Notice we added the fallback line and duplicated the Parabola entry with a different root directive on the kernel line.

Also update the "kopt" and "groot" sections, as shown below, if they are in your /mnt/new-raid/boot/grub/menu.lst file, because it will make applying distribution kernel updates easier:

- # kopt=root=UUID=fbafab1a-18f5-4bb9-9e66-a71c1b00977e ro
+ # kopt=root=/dev/md0 ro md=0,/dev/sda2,/dev/sdb2

## default grub root device
## e.g. groot=(hd0,0)
- # groot=(hd0,0)
+ # groot=(hd0,1)

3.4 Update Grub2

Please refer to https://wiki.parabolagnulinux.org/index.php/GRUB2#Other_Options

3.5 Alter fstab

You need to tell fstab on the new disk where to find the new devices. It's better to use UUID codes here, which should not change, even if our partition detection order changes or a drive gets removed.

To find the UUID to use:

[root@libre ~]# blkid
/dev/sda1: TYPE="swap" UUID="34656682b-34ad-8ed5-9233-dfab42272212" 
/dev/sdb1: UUID="9ff5682b-d5a1-4ed5-8d63-d1df911e0142" TYPE="swap" LABEL="NEW-SWAP" 
/dev/md0: UUID="6f2ea3d3-d7be-4c9d-adfa-dbeeedaf128e" SEC_TYPE="ext2" TYPE="ext3" LABEL="RAID-ONE" 
/dev/sda2: UUID="13dd2227-6592-403b-931a-7f3e14a23e1f" TYPE="ext2" 
/dev/sdb2: UUID="b28813e7-15fc-d4aa-dc8a-e2c1de641df1" TYPE="mdraid" 

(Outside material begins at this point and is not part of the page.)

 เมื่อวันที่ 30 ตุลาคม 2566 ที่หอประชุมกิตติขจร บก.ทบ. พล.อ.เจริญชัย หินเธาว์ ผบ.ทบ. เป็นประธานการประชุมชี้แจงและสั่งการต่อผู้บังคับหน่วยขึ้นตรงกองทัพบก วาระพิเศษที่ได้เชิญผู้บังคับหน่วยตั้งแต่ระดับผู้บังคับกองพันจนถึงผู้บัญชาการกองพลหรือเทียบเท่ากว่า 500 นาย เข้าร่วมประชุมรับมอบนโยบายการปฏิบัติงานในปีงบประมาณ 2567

Look for the partition labeled "NEW-SWAP", on /dev/sdb1, that we created above. Copy your swap partition's UUID into the new fstab, as shown below. Of course we also add /dev/md0, as our root mount point.

[root@libre ~]# cat /mnt/new-raid/etc/fstab
/dev/md0    /    ext3     defaults   0 1
UUID=9ff5682b-d5a1-4ed5-8d63-d1df911e0142 none swap sw 0 0

3.6 Rebuild initcpio or initramfs

3.6.1 First chroot into the RAID system

[root@libre ~]# mount --bind /sys /mnt/new-raid/sys
[root@libre ~]# mount --bind /proc /mnt/new-raid/proc
[root@libre ~]# mount --bind /dev /mnt/new-raid/dev
[root@libre ~]# chroot /mnt/new-raid/
[root /]# 

If the chroot command gives you an error like chroot: failed to run command `/bin/zsh': No such file or directory, then use chroot /mnt/new-raid/ /bin/bash instead.

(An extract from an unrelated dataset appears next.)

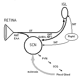 | Schematic representation of the major neural components of the mammalian circadian system (based on information in ref. 25). Light information is transduced by the retina and reaches the suprachiasmatic nuclei (SCN) directly via the retinohypothalamic tract (RHT), and indirectly via the optic tract (OT) to the intergeniculate leaflet (IGL), and then via the geniculohypothalamic tract (GHT) to the SCN. The raphé nuclei project to both the IGL and SCN. An important efferent pathway from the SCN leads to the paraventricular nucleus (PVN), and an important subparaventricular zone. This pathway projects to the intermediolateral nucleus of the spinal cord and passes to preganglionic adrenergic fibers of the sympathetic nervous system, and thus to the superior cervical ganglion (SCG) which provides final sympathetic input to the pineal gland. The hormonal feedback of melatonin on melatonin receptors in the SCN is indicated by the dotted line. Putative neurotransmitters for each neuronal tract are identified as: EAA, excitatory amino acids; NPY, neuropeptide Y; 5HT, serotonin; GABA, g-aminobutyric acid. |

You are now chrooted in what will become the root of your RAID-1 system. Complete the appropriate section below for your distribution (almost every other step is identical, regardless of the Linux variant).

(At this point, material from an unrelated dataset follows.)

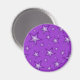 Design moderno com estrelas roxas e brancas "brilhantes" sobre fundo roxo. Imã de geladeira com um design personalizável para você personalizar com seu próprio texto, imagens e ideias. Note que esta é uma imagem impressa criada usando fotografias originais e técnicas digitais, que ela não brilha ou contém faíscas reais.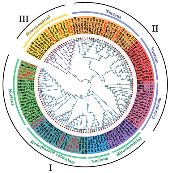 Phylogenetic analysis of hybrid tea rose and Arabidopsis HSP70 proteins. An unrooted neighbour-joining (NJ) phylogenetic tree was constructed with HSP70 domains of HSP70 proteins from hybrid tea rose and Arabidopsis using MEGA7.0 with a bootstrap of 1000. Three major groups are indicated: I, II and III, with subtypes represented by different colored regions.

3.6.2 Record mdadm's config

For Parabola, use "/etc/mdadm.conf", for Trisquel or gNewSense, use "/etc/mdadm/mdadm.conf"

nano /etc/mdadm.conf

... and change the "MAILADDR" line to be your email address, if you want emailed alerts of problems with the RAID-1.

Then save the array configuration with UUIDs to make it easier for the system to find /dev/md0 on boot-up. If you do not do this, you can get an "ALERT! /dev/md0 does not exist" error when booting :

mdadm --detail --scan >> /etc/mdadm.conf

3.6.3 For Parabola: Rebuild initcpio

Edit /etc/mkinitcpio.conf to include mdadm in the HOOKS array. Place it after autodetect, sata, scsi and pata (whichever is appropriate for your hardware).

[root /]# mkinitcpio -g /boot/kernel26.img
[root /]# exit

3.6.4 For Trisquel or gNewSense: Rebuild initramfs

Then rebuild initramfs, incorporating the two above changes:

update-initramfs -k `uname -r` -c -t

This will rebuild your running version - to rebuild others, this will show a listing:

ls /boot/ | perl -lne "/^[A-z\.\-]+/m && print $'" | egrep -e 'openvz$|generic$|server$' | sort -u

Then substitute/script in these others so that all are available for use with the new RAID setup.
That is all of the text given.